SUPPLIED MATERIAL –
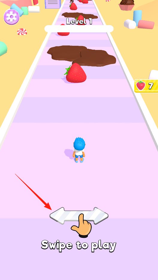 1、在蛋糕冲冲冲的起始界面,根据“Swipe to play”的提示,通过滑动屏幕来控制蓝色角色左右移动。在糖果跑道上,收集草莓并避开巧克力障碍。利用滑动操作开始闯关,享受跑酷和收集的乐趣。
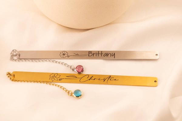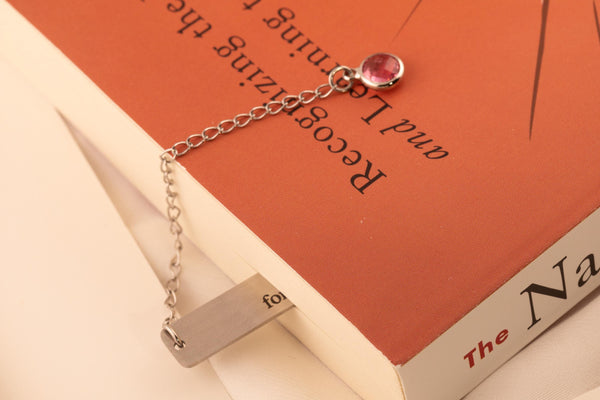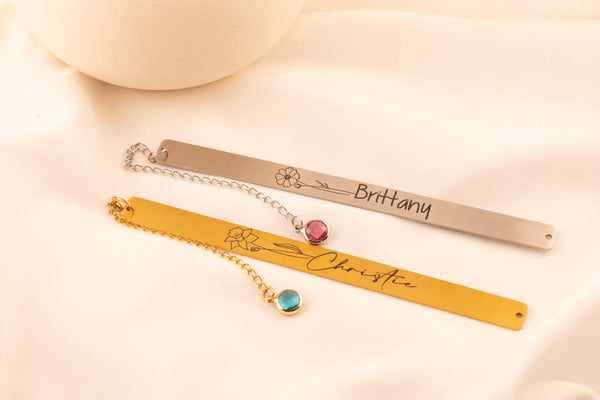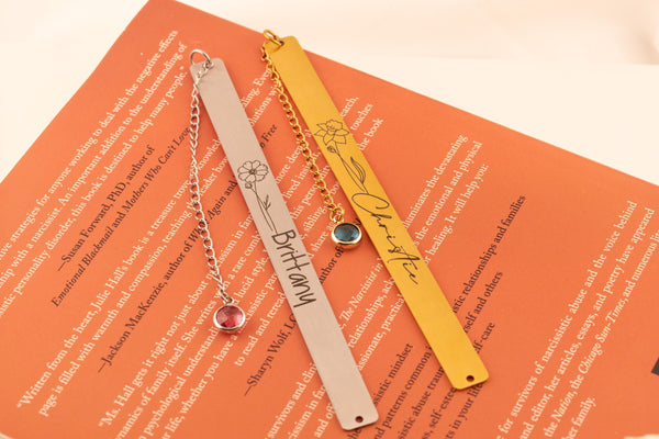 Celebrate the joy of reading with this personalized metal birth flower bookmark accented with a sparkling birthstone charm. Designed to combine elegance with meaning, this custom page marker transforms every book into a personal keepsake. Made from durable, high-quality metal, each bookmark is engraved with a detailed birth flower and finished with a delicate birthstone charm, symbolizing both beauty and individuality. Perfect as a thoughtful gift or a treasured personal accessory, it’s a piece that blends sentiment with style. Why You’ll Love It: Premium metal construction for durability and shine Engraved birth flower for a timeless design Birthstone charm adds a unique, personal touch Smooth edges to protect your pages Perfect Gift For: Birthdays, anniversaries, graduations, and holidays Teachers, students, and book club members Loved ones who treasure books and personalized gifts Each bookmark arrives gift-ready and beautifully packaged, making it easy to share with someone special. Fast shipping ensures your custom bookmark is ready when you need it most.
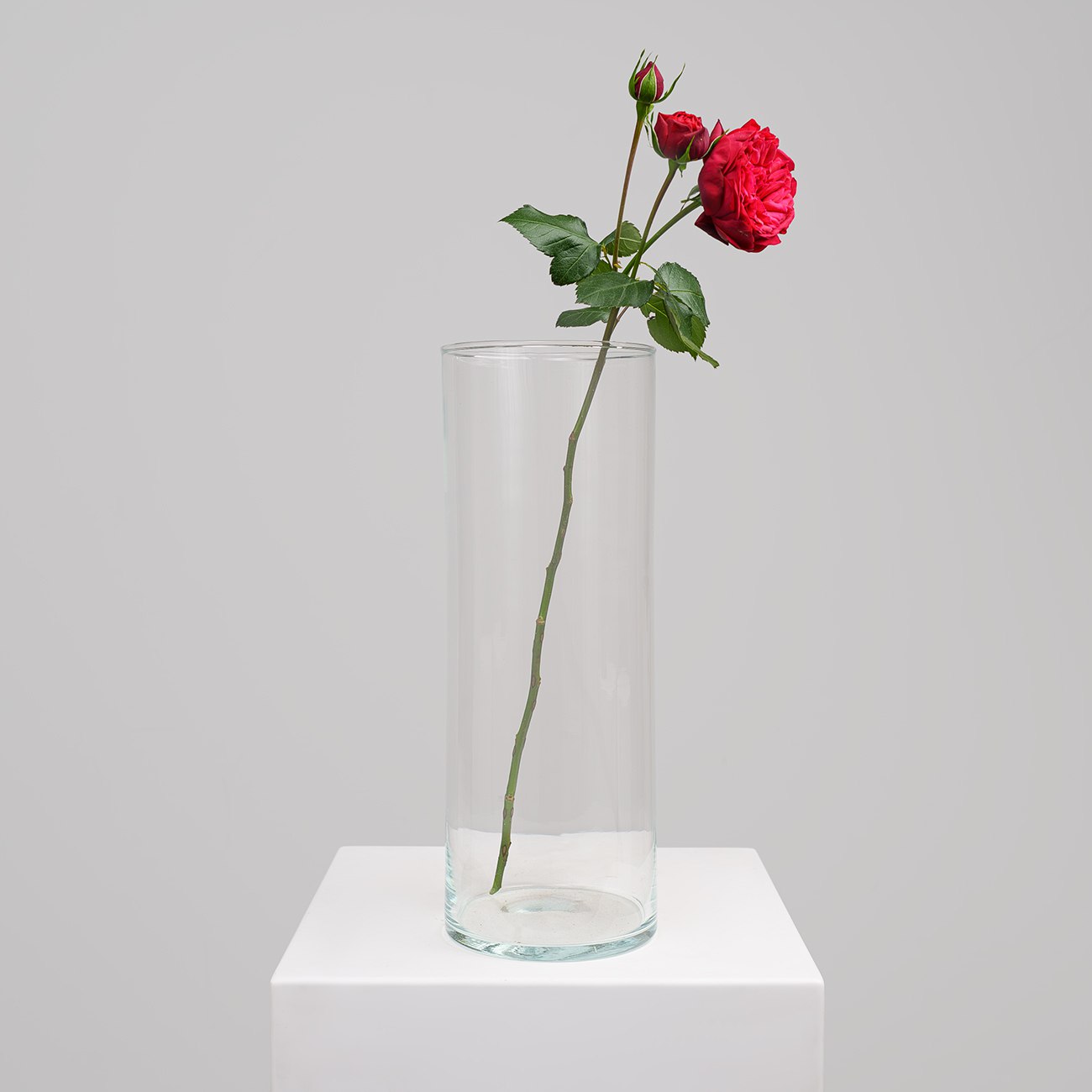 Олицетворяет минимализм и современный стиль. Ее цилиндрическая форма и абсолютная прозрачность создают идеальное обрамление букета, подчеркивая его цвет и свежесть.
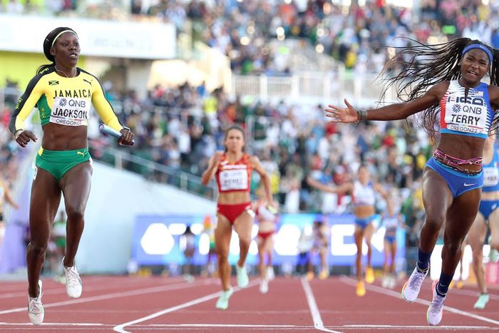 Jefferson, Steiner, Jenna Prandini, and Terry formed the winning quartet. Jefferson blazed through the first leg with an 11.35 split, handing the baton to Steiner, who outpaced Jamaica’s Thompson-Herah to maintain Team USA's lead.
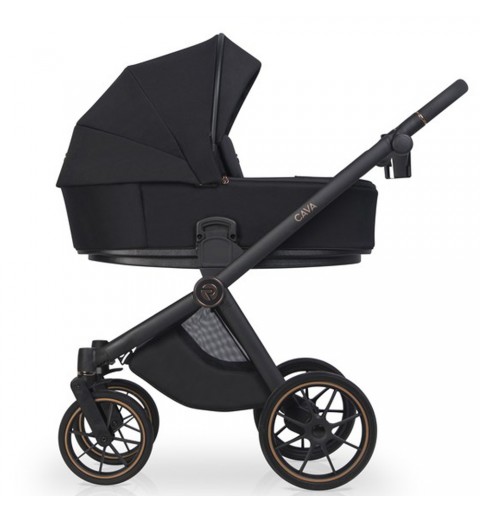 Prezentujemy wózek dziecięcy CAVA Copper - połączenie doskonałej funkcjonalności z najwyższym designem. Wózek wyróżnia się czarnym stelażem o strukturalnym wykończeniu, nadając mu wyrafinowany i elegancki charakter. Wzbogacony o uderzające miedziane akcenty, model CAVA Copper łączy luksus z nowoczesnym brzmieniem.
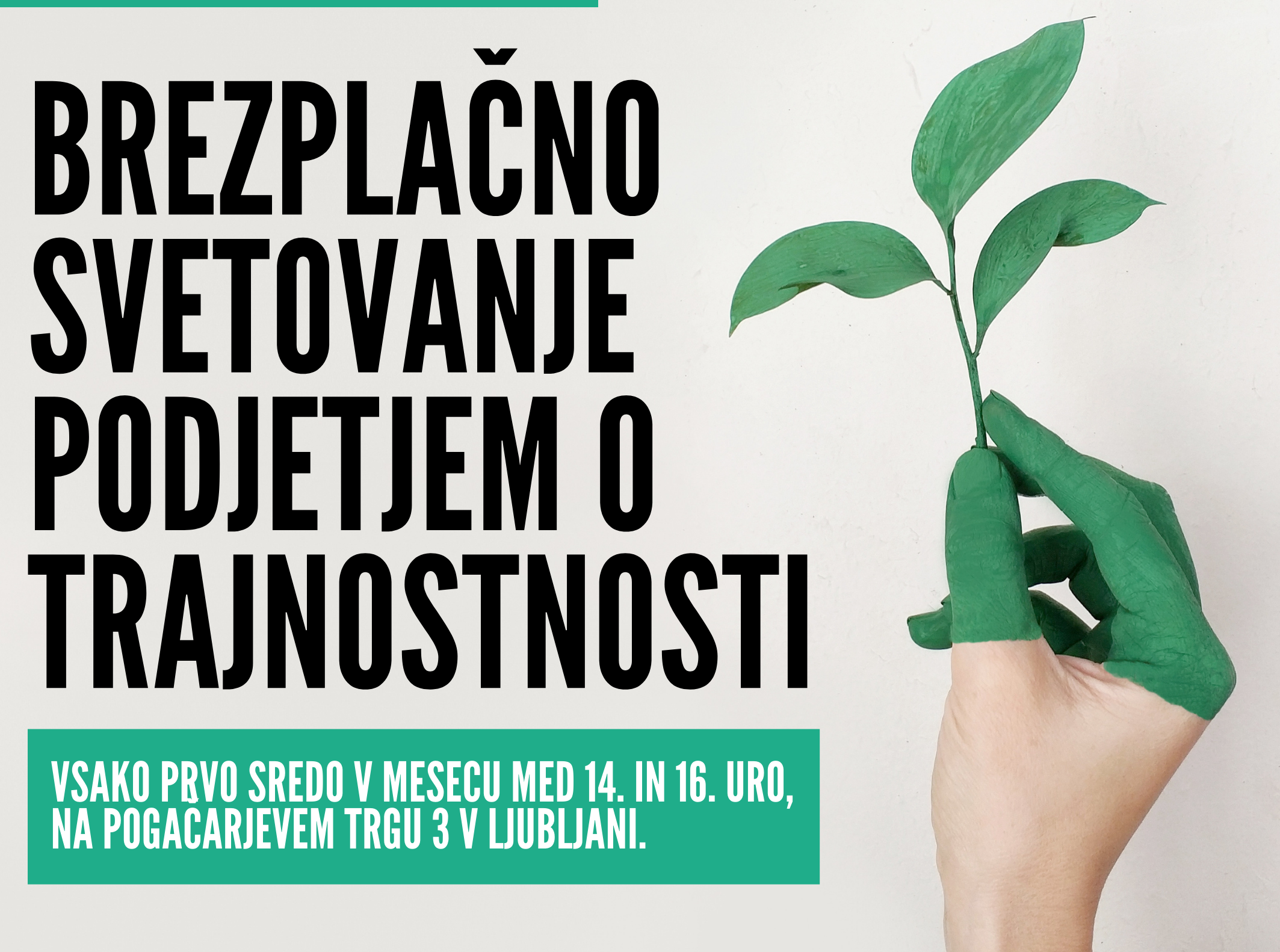 Potem vas vabimo, da izkoristite brezplačno svetovanje na temo trajnostnosti, ki vsako prvo sredo v mesecu poteka v Info točki Misija 100.

WORK REQUIRED –
Transcribe the listing exactly, skipping pictures.

ANSWER TO THIS PROBLEM –
 1、在蛋糕冲冲冲的起始界面,根据“Swipe to play”的提示,通过滑动屏幕来控制蓝色角色左右移动。在糖果跑道上,收集草莓并避开巧克力障碍。利用滑动操作开始闯关,享受跑酷和收集的乐趣。
 Celebrate the joy of reading with this personalized metal birth flower bookmark accented with a sparkling birthstone charm. Designed to combine elegance with meaning, this custom page marker transforms every book into a personal keepsake. Made from durable, high-quality metal, each bookmark is engraved with a detailed birth flower and finished with a delicate birthstone charm, symbolizing both beauty and individuality. Perfect as a thoughtful gift or a treasured personal accessory, it’s a piece that blends sentiment with style. Why You’ll Love It: Premium metal construction for durability and shine Engraved birth flower for a timeless design Birthstone charm adds a unique, personal touch Smooth edges to protect your pages Perfect Gift For: Birthdays, anniversaries, graduations, and holidays Teachers, students, and book club members Loved ones who treasure books and personalized gifts Each bookmark arrives gift-ready and beautifully packaged, making it easy to share with someone special. Fast shipping ensures your custom bookmark is ready when you need it most.
 Олицетворяет минимализм и современный стиль. Ее цилиндрическая форма и абсолютная прозрачность создают идеальное обрамление букета, подчеркивая его цвет и свежесть.
 Jefferson, Steiner, Jenna Prandini, and Terry formed the winning quartet. Jefferson blazed through the first leg with an 11.35 split, handing the baton to Steiner, who outpaced Jamaica’s Thompson-Herah to maintain Team USA's lead.
 Prezentujemy wózek dziecięcy CAVA Copper - połączenie doskonałej funkcjonalności z najwyższym designem. Wózek wyróżnia się czarnym stelażem o strukturalnym wykończeniu, nadając mu wyrafinowany i elegancki charakter. Wzbogacony o uderzające miedziane akcenty, model CAVA Copper łączy luksus z nowoczesnym brzmieniem.
 Potem vas vabimo, da izkoristite brezplačno svetovanje na temo trajnostnosti, ki vsako prvo sredo v mesecu poteka v Info točki Misija 100.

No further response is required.